§ **Assigned task**:
The listing that follows must be retyped exactly, without its pictures.

§ **Records for this task**:

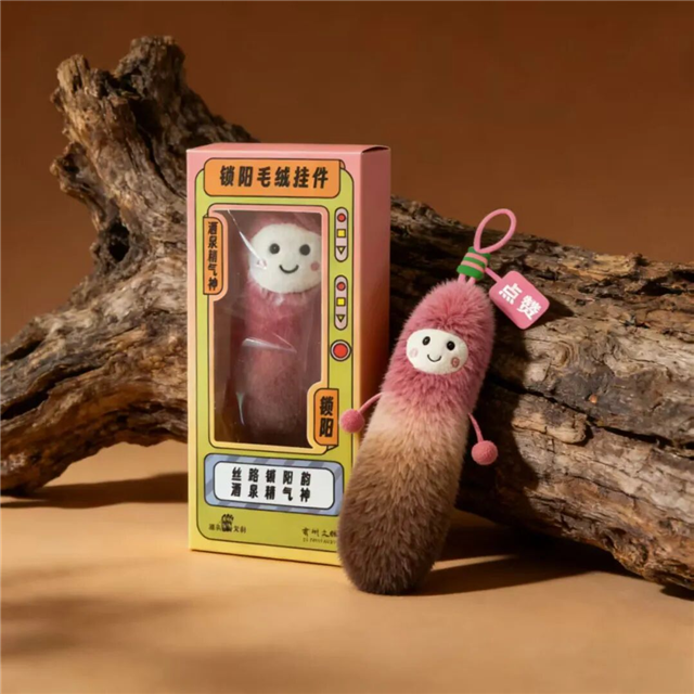 毛绒锁阳以酒泉戈壁特有的锁阳为原型,凝萃西北荒漠的风物底蕴,将这方土地独有的自然馈赠化作萌趣毛绒。锁阳扎根戈壁的坚韧,恰是酒泉地域精神的缩影,软萌造型让荒漠风物走出戈壁,成为可触可感的地域文化载体,唤醒对西北大地的自然与人文记忆。
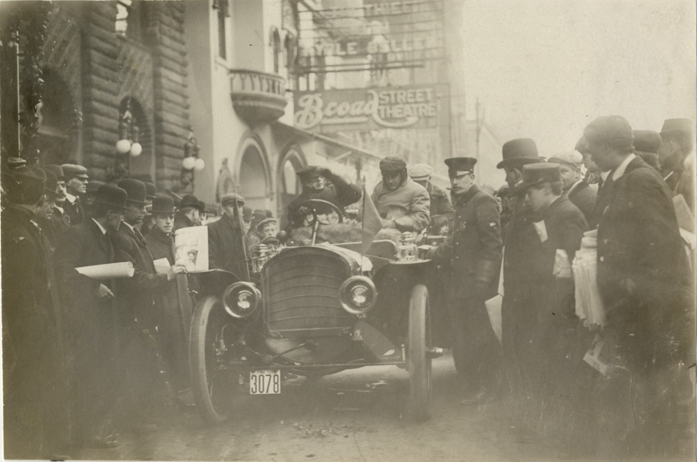 View of spectators surrounding motorists in car at Philadelphia during the 1909 endurance run from Philadelphia to Wilkes-Barre, Pennsylvania. Broad Street Theatre in background. Sponsored by the Quaker City Motor Club, the contest followed a route through Pennsylvania and New Jersey. Stamped on back: "Spooner & Wells, Inc., photographers, telephones 3472-3473 Columbus, 1931 Broadway, New York." Handwritten on back: "Tours--Philadelphia to Wilkes-Barre, 1909."
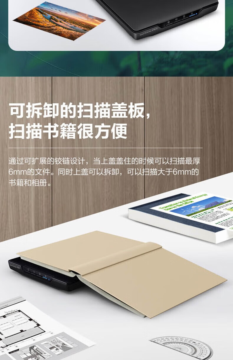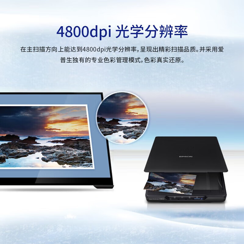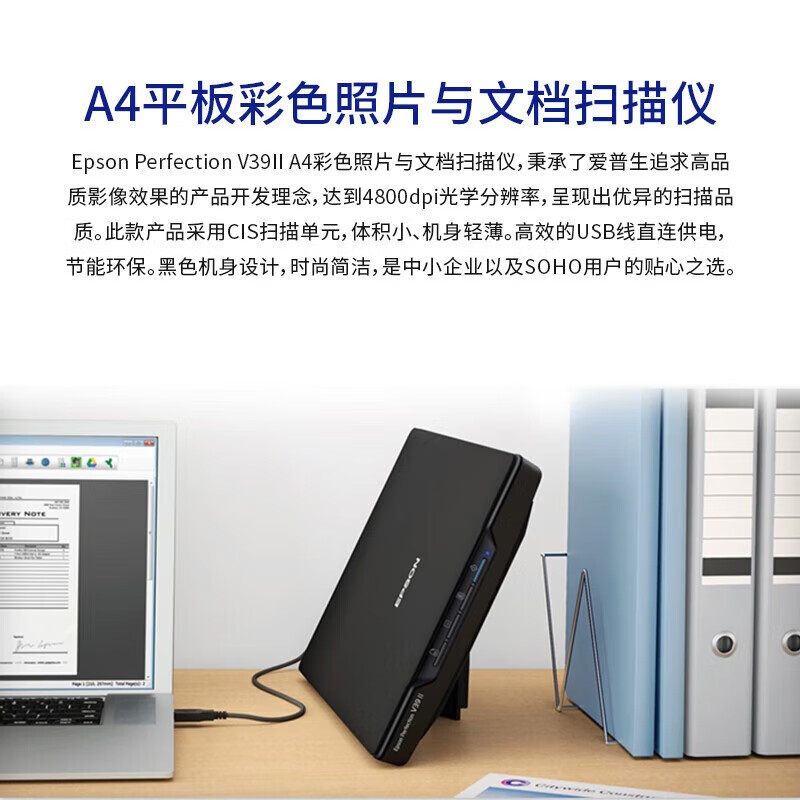 爱普生(EPSON)平板式A4彩色高清照片影像实物扫描仪 V39II(A4+USB供电+A3拼接扫描)
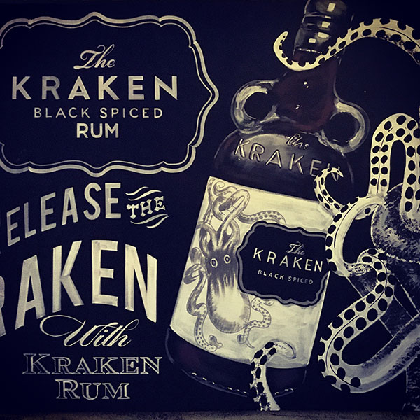 The medium of chalkboard art allows me to throw ideas down quickly, so a quick flick of the brush or two and a swift 'highlight'... and hey presto (hopefully) a 'believable' pint of lager in a shiny glass! I also paint on larger scale projects such as the Kraken mural shown here which was one of several 2meter panels commissioned for a swanky London pub garden... its all good fun... and I don't shy away from adding pretty pictures!>>> Gallery
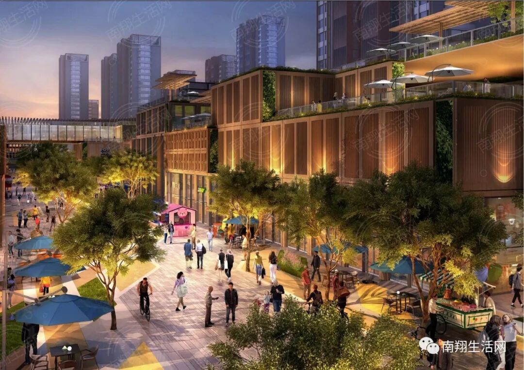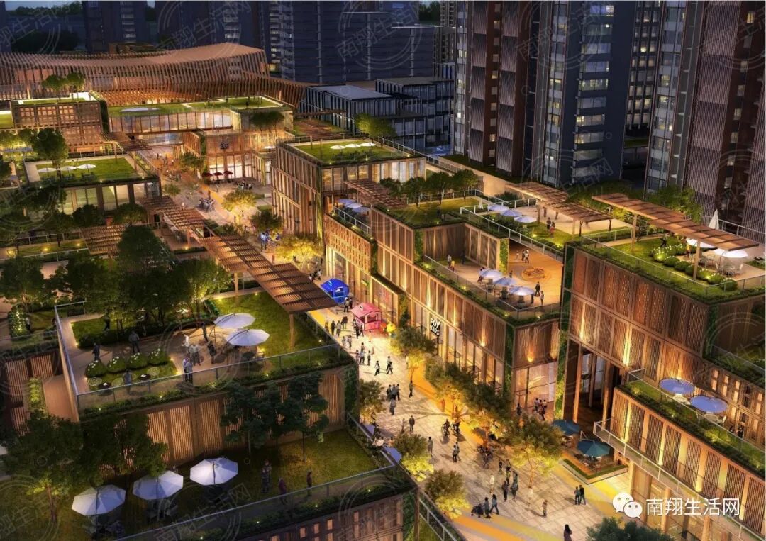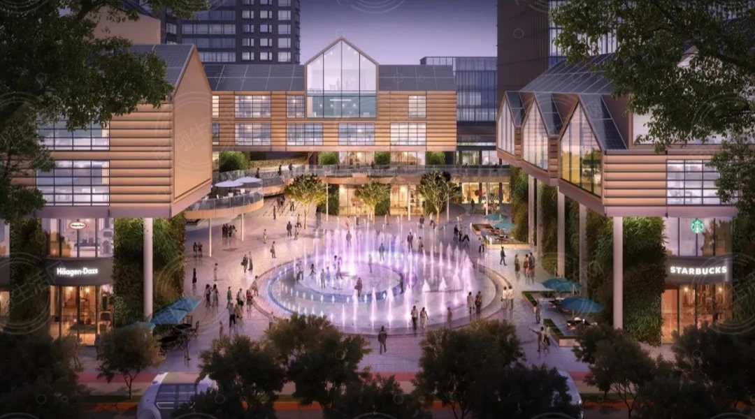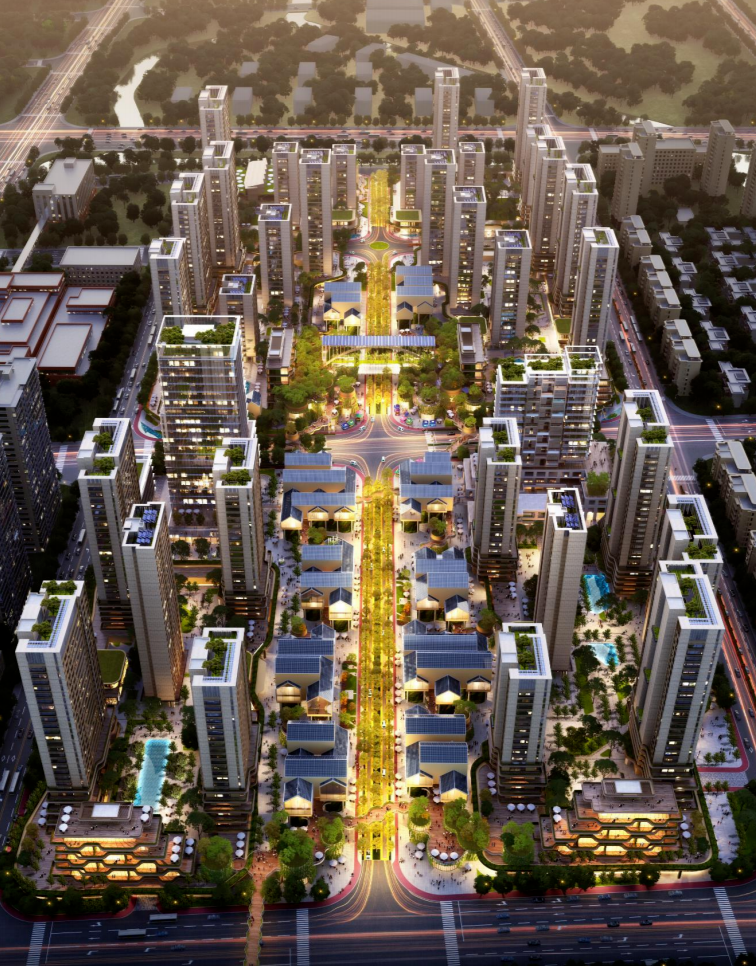 而若将图片聚焦,则很有新天地或者大学路感觉——低层的是景观商业,后面则是高层的住宅和办公,住宅项目多采取南北布局,而办公则安置于住宅中间,主面东西方向。
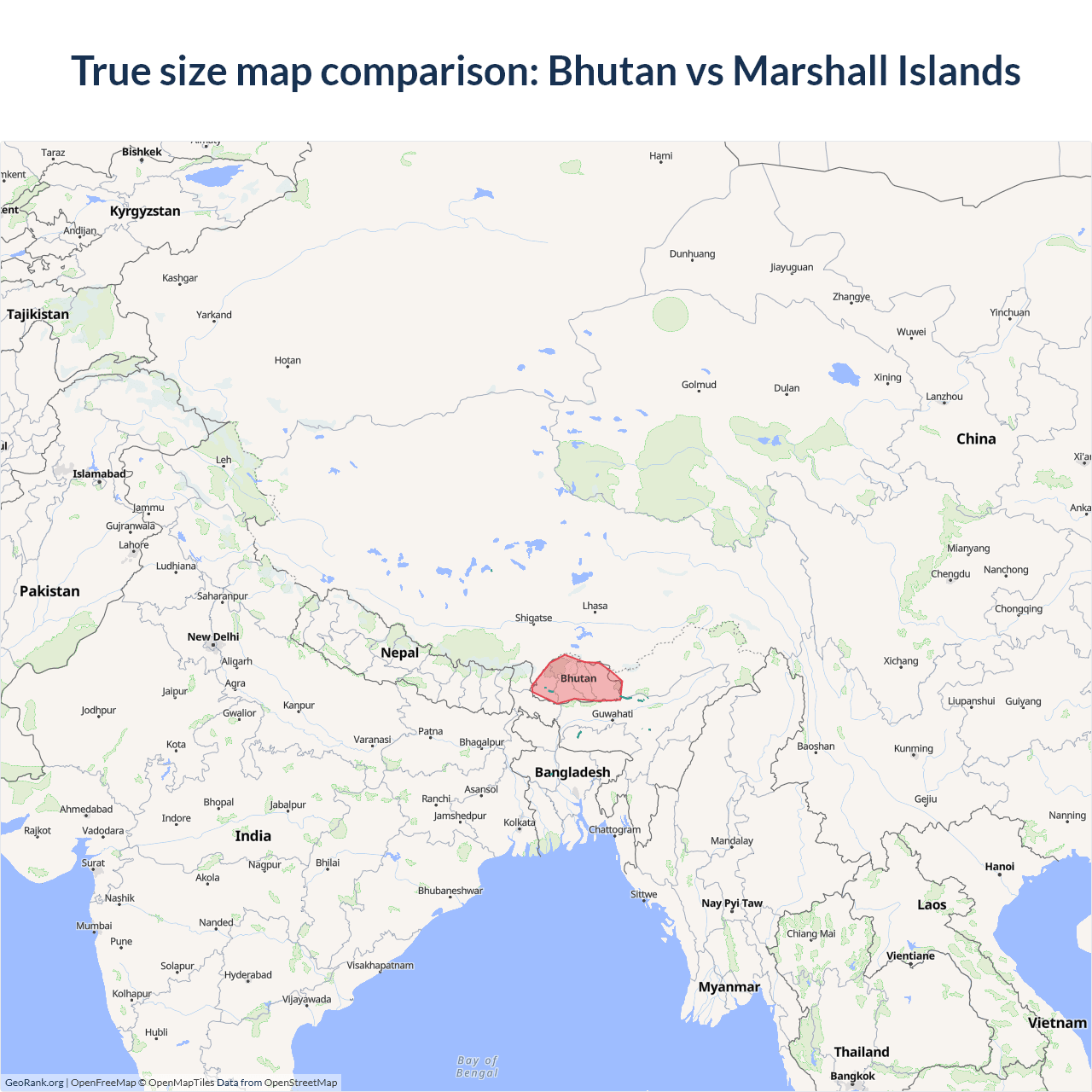 The map above outlines the borders of Bhutan and the Marshall Islands but is not accurate for size comparison because it's a 2d map with Mercator projection that distorts territories near the poles. The farther a country is from the equator, the more magnified it appears. More about country size projections.

§ **Answer box**:
 毛绒锁阳以酒泉戈壁特有的锁阳为原型,凝萃西北荒漠的风物底蕴,将这方土地独有的自然馈赠化作萌趣毛绒。锁阳扎根戈壁的坚韧,恰是酒泉地域精神的缩影,软萌造型让荒漠风物走出戈壁,成为可触可感的地域文化载体,唤醒对西北大地的自然与人文记忆。
 View of spectators surrounding motorists in car at Philadelphia during the 1909 endurance run from Philadelphia to Wilkes-Barre, Pennsylvania. Broad Street Theatre in background. Sponsored by the Quaker City Motor Club, the contest followed a route through Pennsylvania and New Jersey. Stamped on back: "Spooner & Wells, Inc., photographers, telephones 3472-3473 Columbus, 1931 Broadway, New York." Handwritten on back: "Tours--Philadelphia to Wilkes-Barre, 1909."
 爱普生(EPSON)平板式A4彩色高清照片影像实物扫描仪 V39II(A4+USB供电+A3拼接扫描)
 The medium of chalkboard art allows me to throw ideas down quickly, so a quick flick of the brush or two and a swift 'highlight'... and hey presto (hopefully) a 'believable' pint of lager in a shiny glass! I also paint on larger scale projects such as the Kraken mural shown here which was one of several 2meter panels commissioned for a swanky London pub garden... its all good fun... and I don't shy away from adding pretty pictures!>>> Gallery
 而若将图片聚焦,则很有新天地或者大学路感觉——低层的是景观商业,后面则是高层的住宅和办公,住宅项目多采取南北布局,而办公则安置于住宅中间,主面东西方向。
 The map above outlines the borders of Bhutan and the Marshall Islands but is not accurate for size comparison because it's a 2d map with Mercator projection that distorts territories near the poles. The farther a country is from the equator, the more magnified it appears. More about country size projections.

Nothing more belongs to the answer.